DON'T REFORMAT THAT DRIVE. I have no idea why you would format a drive and then try to recover files.  If the drive is readable (just not bootable) you'll have no problem recovering your files. I've had that situation more often (i.e, the drive is not bootable, but readable) then I've had a drive die and not be readable.

You didn't answer the questions though--about SATA and IDE.

But in any event, it may not matter at this point. Do you have another drive? What I would do is take out the main drive and see if you can read it as a slave (and that's why I asked about IDE or SATA because SATAs don't deal with master/slave so we dont' have to go through that issue). Again--though, you need to eliminate possibilities--the cables for one. Could be the controllers. At this point though you are going to have to take out the drive if you can't get your system to even recognize it. If it were me--I'd try that drive on a knowledgable friend's computer (with a face like that you should have no problem finding a geek computer guy to do you a favor! ) to see if its readable or put a new drive in there or some drive that you can install windows and see if you can just read the old drive and copy stuff over.


----------



## NetKnockout

Mulderrrrrrrrrrrr.............


----------



## Mulderator

NetKnockout said:


> Mulderrrrrrrrrrrr.............


Knockooooooooooooooooooooooout..........................


----------



## NetKnockout

All gone...


----------



## Mulderator

Hey Niki--go back and delete that last post because you had some sensitive information. Here it is cleaned up.

Knockout's computer:



> Computer:
> Operating System Microsoft Windows XP Professional
> OS Service Pack Service Pack 2
> Internet Explorer 6.0.2900.2180
> 
> Motherboard:
> CPU Type Unknown, 2200 MHz (11 x 200)
> Motherboard Name Unknown
> Motherboard Chipset Unknown
> System Memory 1408 MB
> BIOS Type Award (04/11/05)
> Communication Port ECP Printer Port (LPT1)
> 
> Display:
> Video Adapter ATI RADEON XPRESS 200 Series (128 MB)
> Video Adapter ATI RADEON XPRESS 200 Series (128 MB)
> Monitor Plug and Play Monitor [NoDB]
> 
> Multimedia:
> Audio Adapter Realtek AC'97 Audio [NoDB]
> 
> Storage:
> Disk Drive Generic USB CF Reader USB Device
> Disk Drive Generic USB MS Reader USB Device
> Disk Drive Generic USB SD Reader USB Device
> Disk Drive Generic USB SM Reader USB Device
> Disk Drive Maxtor 6Y080P0 (80 GB, 7200 RPM, Ultra-ATA/133)
> Disk Drive SanDisk U3 Cruzer Micro USB Device
> Disk Drive ST3250823AS
> Optical Drive HL-DT-ST DVDRRW GWA-4166B
> Optical Drive IDE-DVD DROM6216
> Optical Drive SanDisk U3 Cruzer Micro USB Device
> 
> Partitions:
> C: (NTFS) 230262 MB (132536 MB free)
> D: (FAT32) 8194 MB (1428 MB free)
> 
> Input:
> Keyboard PS/2 Keyboard
> Mouse Logitech HID-compliant Cordless Mouse
> 
> NIC
> Modem Agere Win Modem
> 
> Peripherals:
> Printer Fax
> Printer hp deskjet 840c series
> Printer HP DeskJet 840C/841C/842C/843C
> USB Device USB Composite Device
> USB Device USB Human Interface Device
> USB Device USB Human Interface Device
> USB Device USB Mass Storage Device
> USB Device USB Mass Storage Device


----------



## Mulderator

You have an ATA drive. You've got two controller cables (most likely) switch the one that is attached to the other devices with the one that is attached to your primary hard drive first Then switch the controller the drive is on. And disconnect everything you don't need (CD especially) and just try it with the primary hard drive, monitor, keyboard, and mouse.

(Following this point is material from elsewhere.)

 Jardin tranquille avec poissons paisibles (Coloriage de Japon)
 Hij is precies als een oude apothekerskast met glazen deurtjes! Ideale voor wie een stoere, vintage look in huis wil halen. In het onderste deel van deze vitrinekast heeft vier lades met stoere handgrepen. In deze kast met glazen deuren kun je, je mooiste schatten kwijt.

Do you have another hard drive you can put in that computer?


----------



## NetKnockout

Mulder - the drive that I am concerned with is a slave drive, it does not have an OS on it. I have two pcs, one is running XP/ the other, (which is brand new), is running Vista... Both HPs...
All extra hds I have are without an OS...


----------



## Mulderator

NetKnockout said:


> Mulder - the drive that I am concerned with is a slave drive, it does not have an OS on it. I have two pcs, one is running XP/ the other, (which is brand new), is running Vista... Both HPs...
> All extra hds I have are without an OS...

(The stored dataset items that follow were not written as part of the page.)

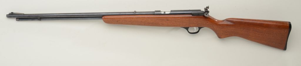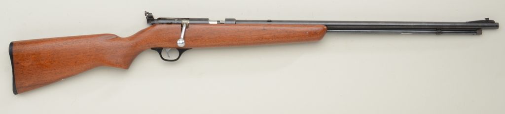 Marlin Model 81 DL bolt-action rifle, .22 short, long and long rifle cal., 24” round barrel, blue finish, wood stock, #NVSN. This gun is in overall good condition showing considerable muted original blue finish, bore should clean to good, crisp action, sharp markings, good wood stock. Est.: $75-$150.
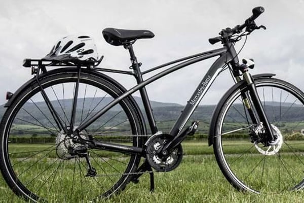 Es darf auch mal gemütlich sein. Das Trekkingrad von Mercedes ist mit Schutzblechen, Federgabel und Gepäckträger vor allem ein sehr vernünftiges Rad. Scheibenbremsen und Beleuchtung: Sicherheit geht hier über alles.
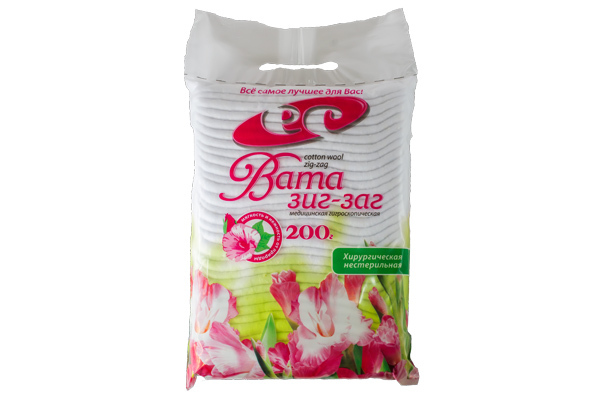 Вата мед. ЗИГ-ЗАГ фас. по 200 г. (2 уп.)
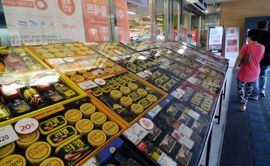 20일 서울 마포구의 한 대형마트를 찾은 손님들이 추석(10월4일) 대목을 앞두고 미리 진열된 선물세트를 보며 지나가고 있다.

That's the ATA drive I assume? The Maxtor. The other drive appears to be a 250 Gig Barracuda SATA drive (I missed that the first time I looked). To be clear--there is nothing wrong with the SATA--i.e., the main windows drive, correct? It is the Maxtor drive that is the problem? If so, pull it out and try it on the other computer. If you have no extra IDE connections, disconnect one from the CD-ROM and hook up that Maxtor to it.

BTW--I still don't understand what you did--did you reformat that Maxtor? It is being recognized at least in your BIOS assuming that printout you gave us was done after the problem occurred. Did it used to be the "E" drive? Give us some more info here.


----------



## ipwnos

I can help. Uninstall your whole windows os (ipwnos=i own your operating system)

reinstall

boot in SAFE MODE

Go and run a defrag on your whole system (2-5 hours)

If it says that 1+ files were found, shut the computer down

Restart in OS.

If the problem is still occuring, try going to a word proccesor or something, typing anything, and save it on the desktop.

If you can save it on the desktop, we have an issue.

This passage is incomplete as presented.